Изменить стиль страницы

— Да. Понял. Скажи им, что я рублю в своем лесу. Это лес рода Эги. А у себя — я сам хозяин, — ответил Гарак.

Когда Гойтомир кое-как передал приезжим ответ Гарака, те сначала рассмеялись, а потом старший из них строго сказал:

— Переведи ему: лес и недра принадлежат казне, государству. И если он будет своевольничать, мы его строго накажем.

Но это не испугало Гарака.

— Что в земле, я не знаю, — сказал он. — Из земли выходят родники, реки. Эту воду мы считаем общей. Воздух тоже. А верхняя земля и лес принадлежат хозяевам. Я свой лес рубил, рублю и буду рубить… Камни в очаге не горят. Если царю холодно, я могу поделиться с ним дровами. Но почему он решил мое считать своим, я не знаю.

Старший чиновник, узнав ответ Гарака, очень рассердился. Он вскочил, затопал ногами, закричал. Но Гарак твердил свое. Разговор кончился тем, что его арестовали и увезли в город, в крепость.

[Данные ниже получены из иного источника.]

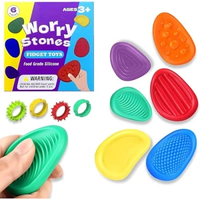 This fidget set is specially designed to provide a calming outlet for stress and anxiety. The smooth sensory stones and soft rings help soothe the nervous system, making them ideal for kids and adults who need a moment of calm during overwhelming situations. Perfect for individuals with ADHD or trouble concentrating, these sensory tools offer a tactile and repetitive motion that helps channel excess energy, allowing the brain to stay focused longer during work, school, or therapy sessions. Whether at home or on the go, this set offers quiet sensory input for individuals with autism who need help regulating emotions or sensory overload. The textures and shapes are crafted to engage without overstimulating, helping promote self-regulation and calm. Unlike noisy fidget toys, these sensory stones and sensory rings are silent, making them an excellent choice for classrooms, offices, therapy rooms, or libraries. They allow for fidgeting and relief without drawing attention or causing distractions. Recommended Calming Tools – Supports sensory development and focus for children and adults, recommended for occupational and behavioral therapy., Manufacturer: Daskid
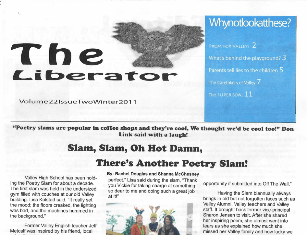 Vickie Barker, a Valley English teacher, was appointed to lead the slam and the publication “Off The Wall” after Mindy Dummer left to explore new horizons. Despite the challenge, Vickie successfully hosted the event with help from MCs Ian Wallace, Courtney Solt, and Heather Rapp. “It was scary since it is something close to Lisa’s heart,” Vickie said. “I just wanted it to be perfect.” Lisa said during the slam, “Thank you Vickie for taking charge at something so dear to me and dong such a great job at it!”
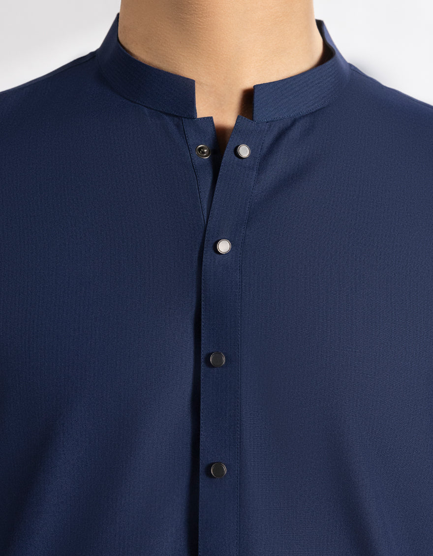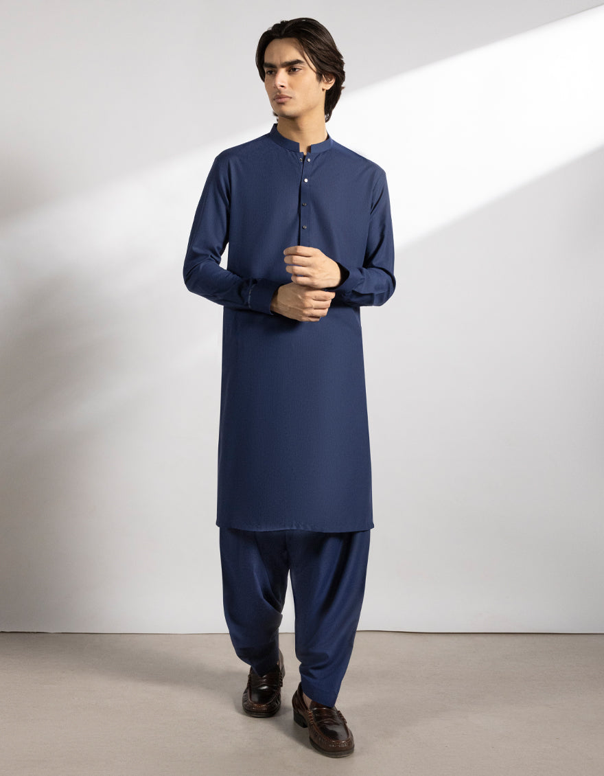 This Blue Blended Kameez Shalwarstands out with its fine stitching and a unique touch of design. Subtle patterns and smart button detailing add to its appeal. A graceful pick that blends decency with a stylish look.
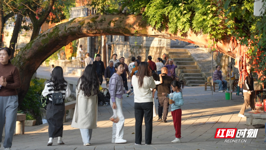 红网时刻新闻11月18日怀化讯(通讯员 杨森)11月16日,周末恰逢晴好天气,中方县荆坪古村游人如织,冬日暖阳与热闹的人气交织,旅游热度居高不下。在潘氏宗祠前,精雕细琢的牌坊浮雕栩栩如生,深厚的历史文化底蕴扑面而来,引得游客纷纷驻足观赏、拍照留念。
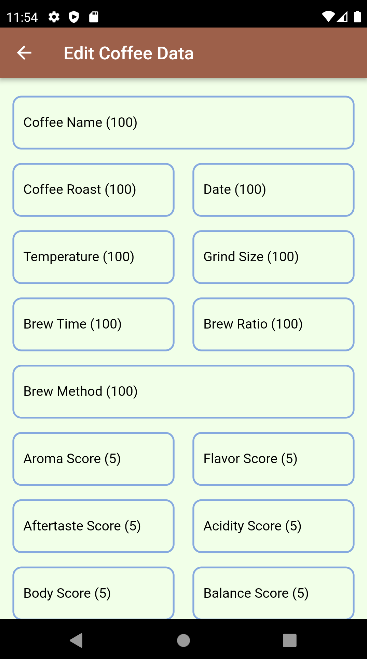 - Add Coffee Note: Tap the floating button to go to the "Add Data" screen, where users can rate their coffee based on several aspects like temperature, grind size, brew time, and brew method.
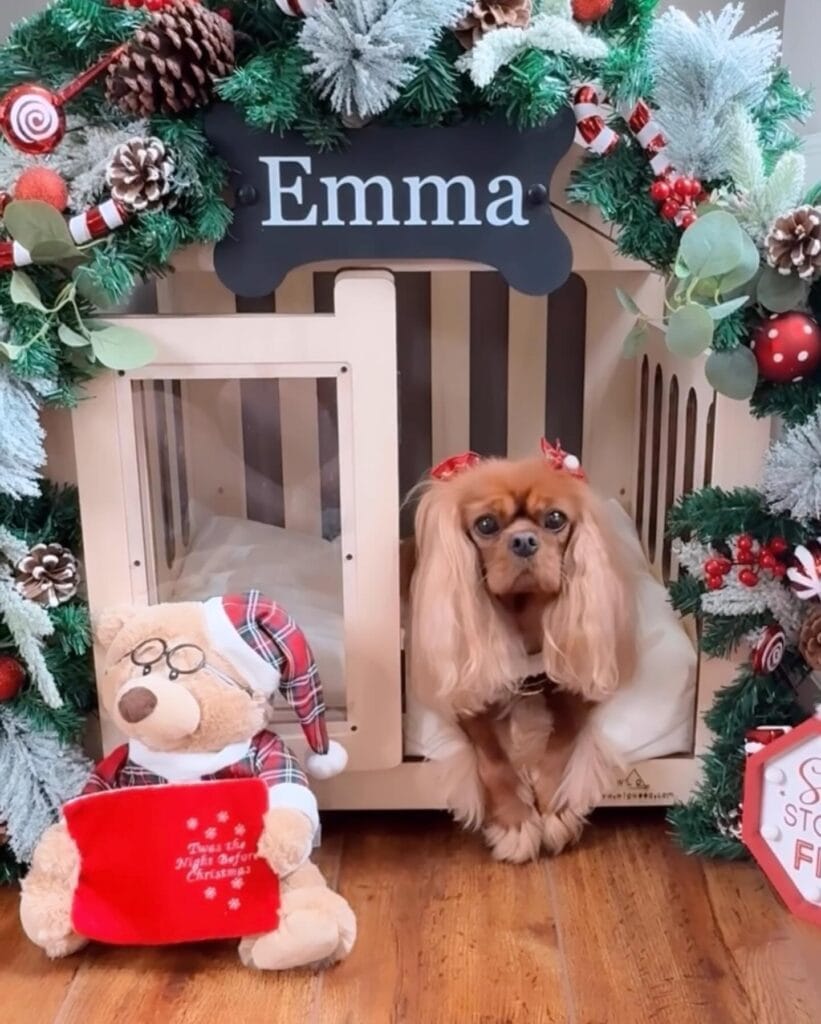 Your guests walked past Amadeus’s crate eight times before someone finally noticed the fluffy white dog inside. That’s because this wooden dog house crate looks exactly like a charming play structure or decorative furniture piece—not a kennel.

Весь аул был возмущен этим происшествием. Не только Гарак — все не могли понять, как это царь лишает их лесов! Только воздуха, воды и дров горцы имели сколько угодно. А теперь им предлагали жить в лесу и умирать от холода.

Докки целыми днями принимала женщин, которые приходили к ней высказать соболезнования. Калой забросил друзей, игры и все время пропадал на перевале Трех Обелисков, откуда далеко была видна тропа, по которой увели Гарака.

Наконец в месяц заготовки на зиму мяса[46], дней двадцать спустя после ареста, ясным, прохладным утром Калой увидел далеко на тропе Гарака.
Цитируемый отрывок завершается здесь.